Klima

Atlantikwasser wärmt die Arktis auf

Jüngster Temperaturanstieg in der Framstraße einmalig in den letzten 2.000 Jahren

Karte der Grönlandsee und des Arktischen Ozeans. Die weiß abgetönten Flächen zeigen die durchschnittliche sommerliche Eisbedeckung, die weißen Pfeile markieren die Eisdrift. Die roten Pfeile zeigen den Transportweg für warmes Atlantikwasser in den Arktischen Ozean. Der gelbe Punkt markiert die Probenentnahmestelle für die aktuelle "Science"-Studie. © www.ibcao.org / R. Spielhagen, AdWMainz/IFM-GEOMAR

Nie in den vergangenen 2.000 Jahren war das Wasser des arktischen Nordatlantiks so warm wie heute. Dies belegt jetzt eine in „Science“ veröffentlichte Untersuchung von Meeressedimenten am westlichen Kontinentalhang Spitzbergens. Demnach schwankten die Temperaturen des einströmenden Meerwassers mehrfach um einige zehntel Grad, in den letzten 100 Jahren jedoch erwärmte es sich um 1,5°C. Hält dieser Trend an, könnte dies dramatische Folgen für die Eisbildung und Eisbedeckung im Arktischen Ozean haben.

Die Framstraße zwischen Grönland und Spitzbergen ist die wichtigste Verbindung zwischen dem Arktischen Ozean und den übrigen Weltmeeren.

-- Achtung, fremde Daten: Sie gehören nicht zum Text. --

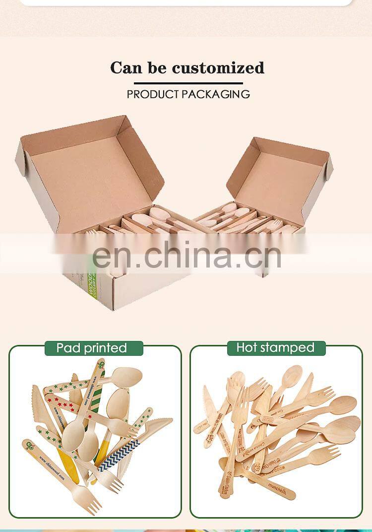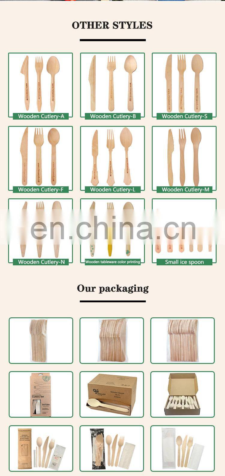 Yada New Type Eco Friendly Fork Knife Spoon Disposable Wooden Cutlery Set printing Biodegradable
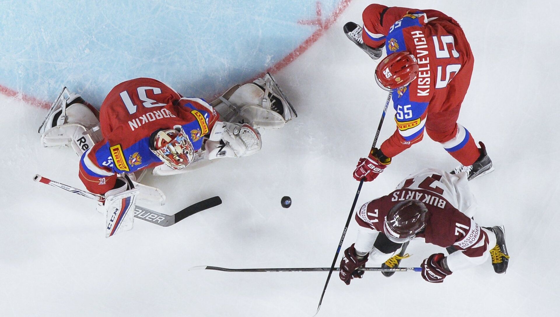 Приехал Улманис в Германию, пришел на хоккей, а зал – почти русский. Откуда их столько – непонятно, ведь в России голод и все дохнут. А тут немцы в них не стреляют, куда хуже – с ними обнимаются. Но самое отвратительное – еще и по-русски дублируют объявления. И диктор с тоталитарным голосом на чистом рязанском заявляет: шайбу в ворота сборной Латвии забросил… Это что еще за активная оборона в зоне нападения? Какой-то ад, форчекинг и Сибирь. Такой хоккей нам не нужен.
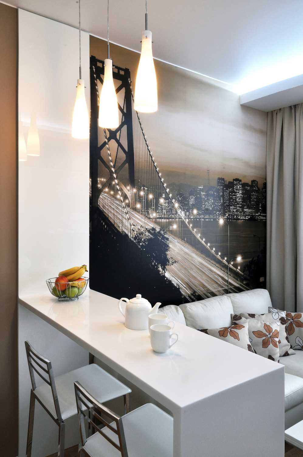 A kind of partition separating the kitchen from the living area can be a bar counter on a brick basis. A single space was deliberately created in the loft style, so only partitions for organizing the sleeping area can remain appropriate, while the rest is a matter of taste for the owners.
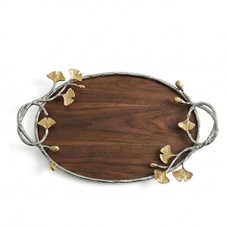 Ginkgo Leaf Decorative Walnut Wood Serving Tray
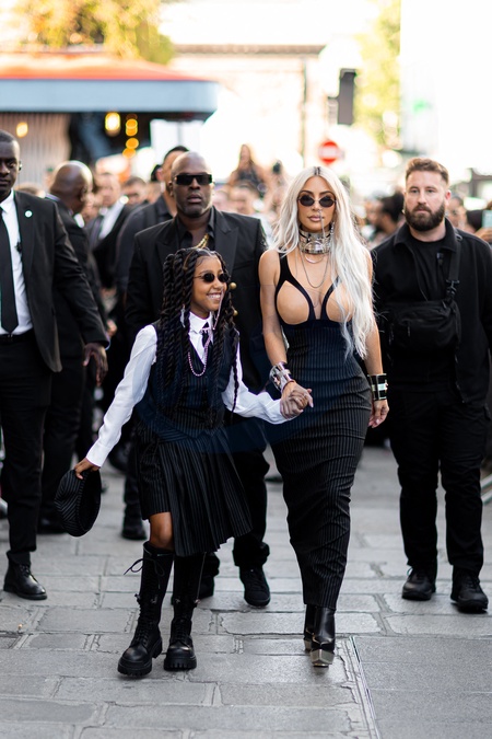 Kim Kardashian z corka North West - obie z kolczykami w nosie na lancuszku
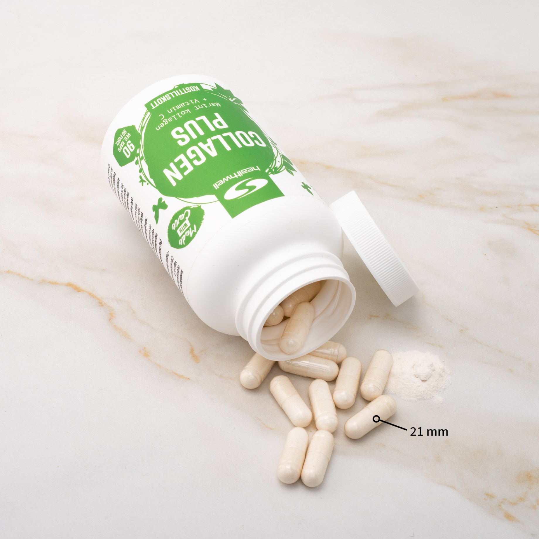 Collagen Plus från Healthwell innehåller hydrolyserat kollagen från marint ursprung. Fiskkollagen är en bra källa till kollagen, och särskilt kollagen typ I. En annan fördel med kollagen från fisk är att det är lätt för kroppen att ta upp. Dessutom fungerar Collagen Plus även för personer som utesluter kött ur sin kost, tack vare att det istället kommer från fisk. Kött är annars den vanligaste källan till kollagen i kosttillskott. Collagen Plus innehåller kollagen med molekylvikt 2000 dalton, vilket är ett mått på att molekylen är tillräckligt liten för att kunna tas upp bra av kroppen.
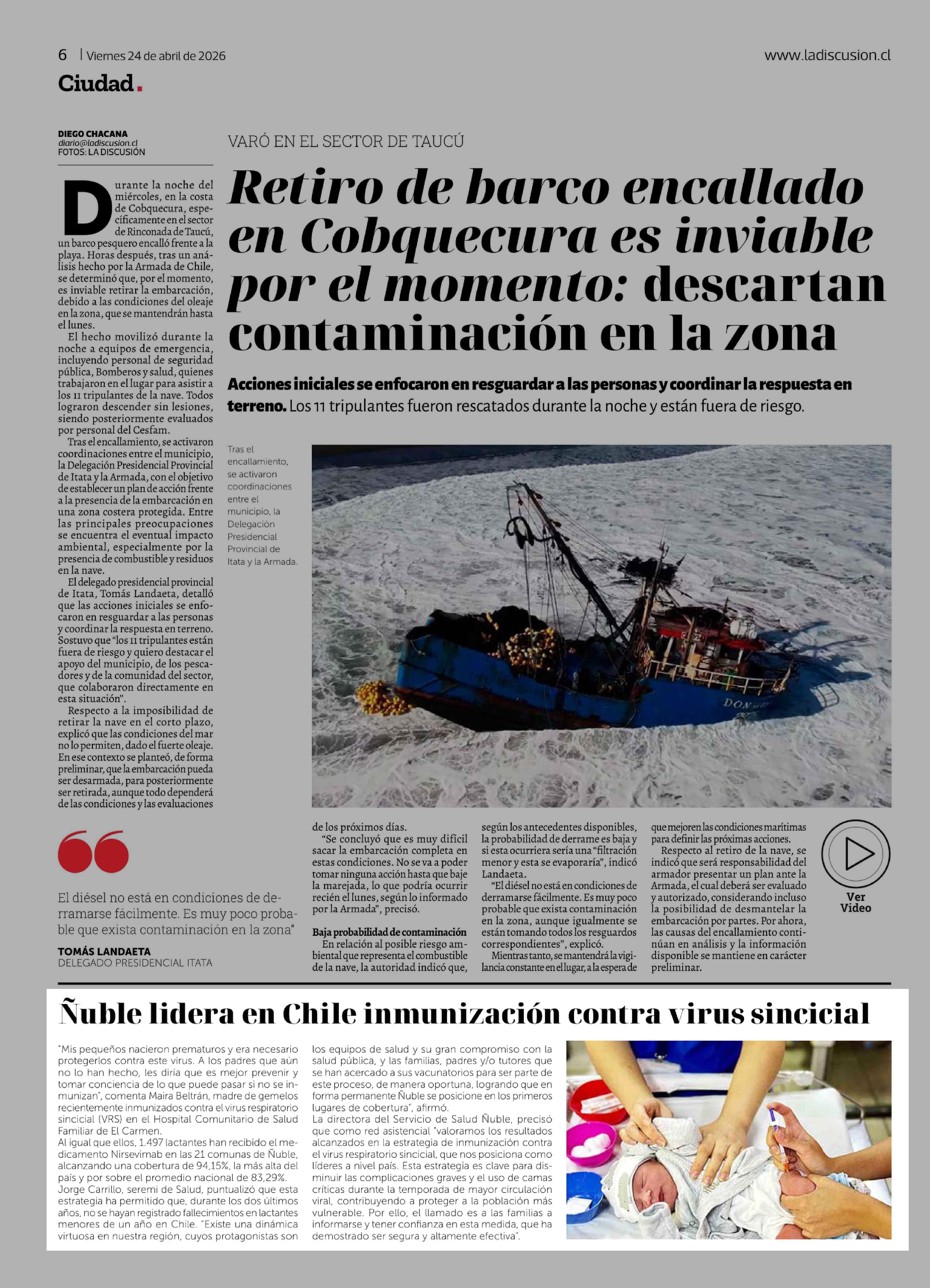 Ñuble lidera en Chile inmunización contra virus sincicial 24-04-2026 La Discusión |
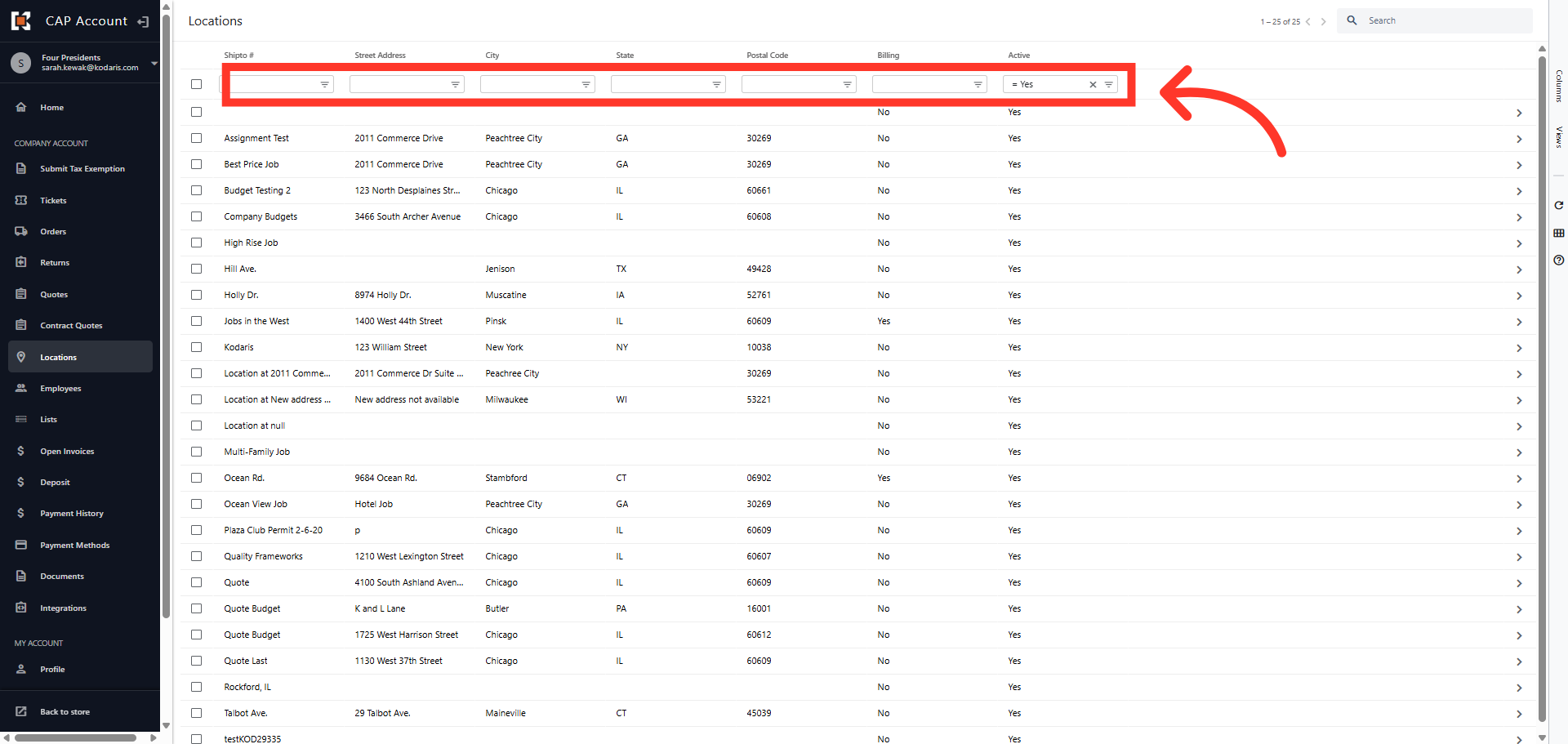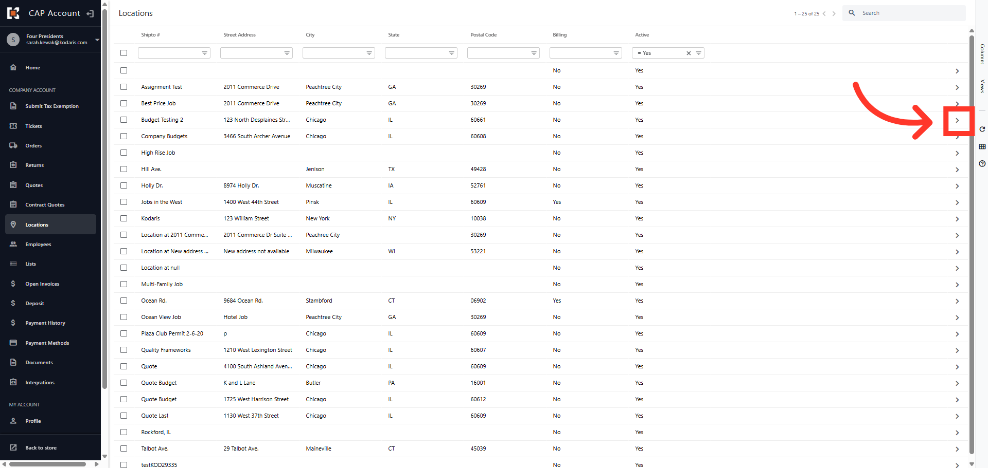 In order to access "Locations" you will need to have either "Company Admin", "View Assigned Location Quotes", or "View All Quotes". Search for the shipto in the "Search" field. You can enter the shipto number to search.
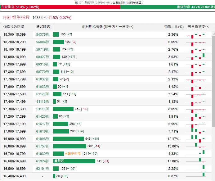 法兴恒指牛熊证街货分布图中的数据显示,熊证街货重货区在16600-16699区间,该区间最新熊证数量为741张,较上一交易日减少81张;最多新增在16700-16799区间,该区间最新熊证数量为194张,较上一交易日增加170张。
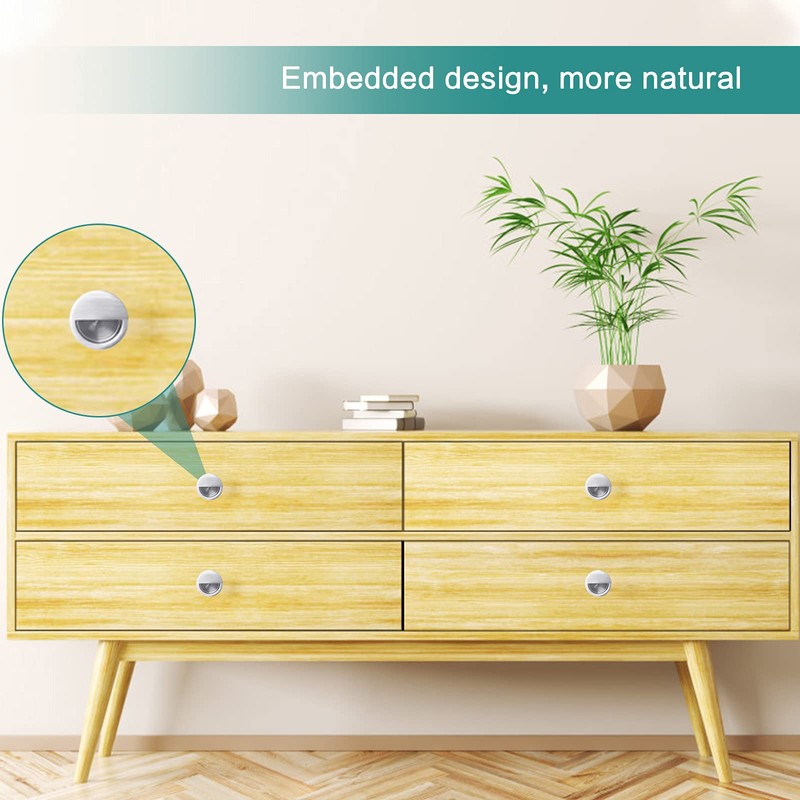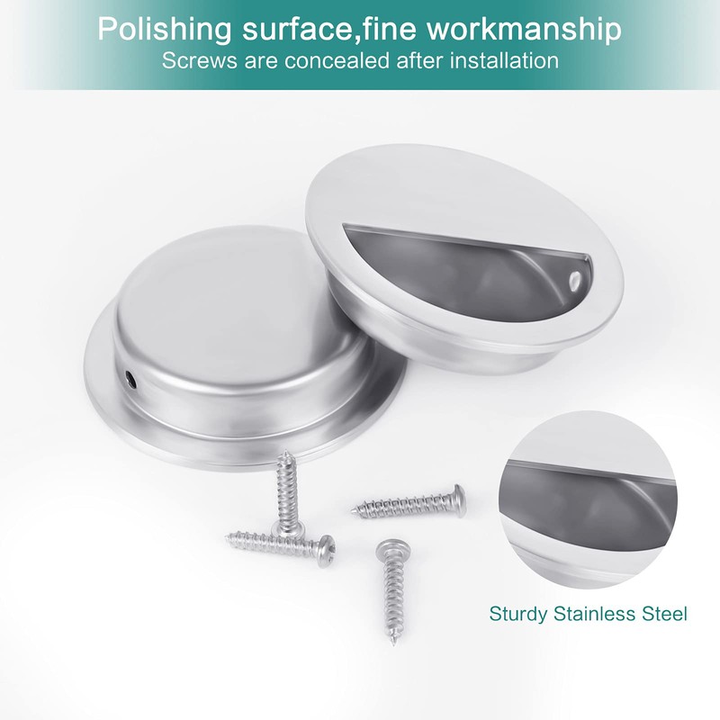 Dasyusuo Stainless Steel Recessed Handles, 4 Pieces, Round Inlet Handle, Concealed Handle, Stainless Steel Recess Handle with Screw, Round Grip Recesses for Drawers, Wardrobe, Cupboard

Auf der Ostseite der Meeresstraße fließen warme und salzreiche Wassermassen aus dem Nordatlantik in die Arktis. Dieser warme Strom, die nördlichste Fortsetzung des Golfstroms, sorgt sogar im Winter für überwiegend eisfreie Bedingungen westlich von Spitzbergen. Wie sich die Klimabedingungen in der Framstraße in den letzten 2.000 Jahren entwickelt haben untersuchten jetzt Wissenschaftler des Kieler Leibniz-Instituts für Meereswissenschaften (IFM-GEOMAR) gemeinsam mit Kollegen aus Mainz, Bremerhaven, Tromsö in Norwegen und Boulder in den USA.

Foraminiferen als Klimaarchiv

Da kontinuierliche meteorologische und ozeanographische Messdaten nur etwa 150 Jahre zurückreichen, müssen die Wissenschaftler für die Untersuchung des Klimas der Vergangenheit indirekte Klimaarchive nutzen. Für die Rekonstruktion der Wassertemperaturen in der Framstraße nutzten die Autoren Foraminiferen, tierische Einzeller, die in Wassertiefen von 50 bis 200 Metern leben und während ihres Lebenszyklus Kalkschalen ausbilden. Anhand der Artzugehörigkeit und chemischen Zusammensetzung dieser im Meeresboden erhaltenen Schalen können die Forscher die ozeanischen und klimatischen Bedingungen der Vergangenheit rekonstruieren.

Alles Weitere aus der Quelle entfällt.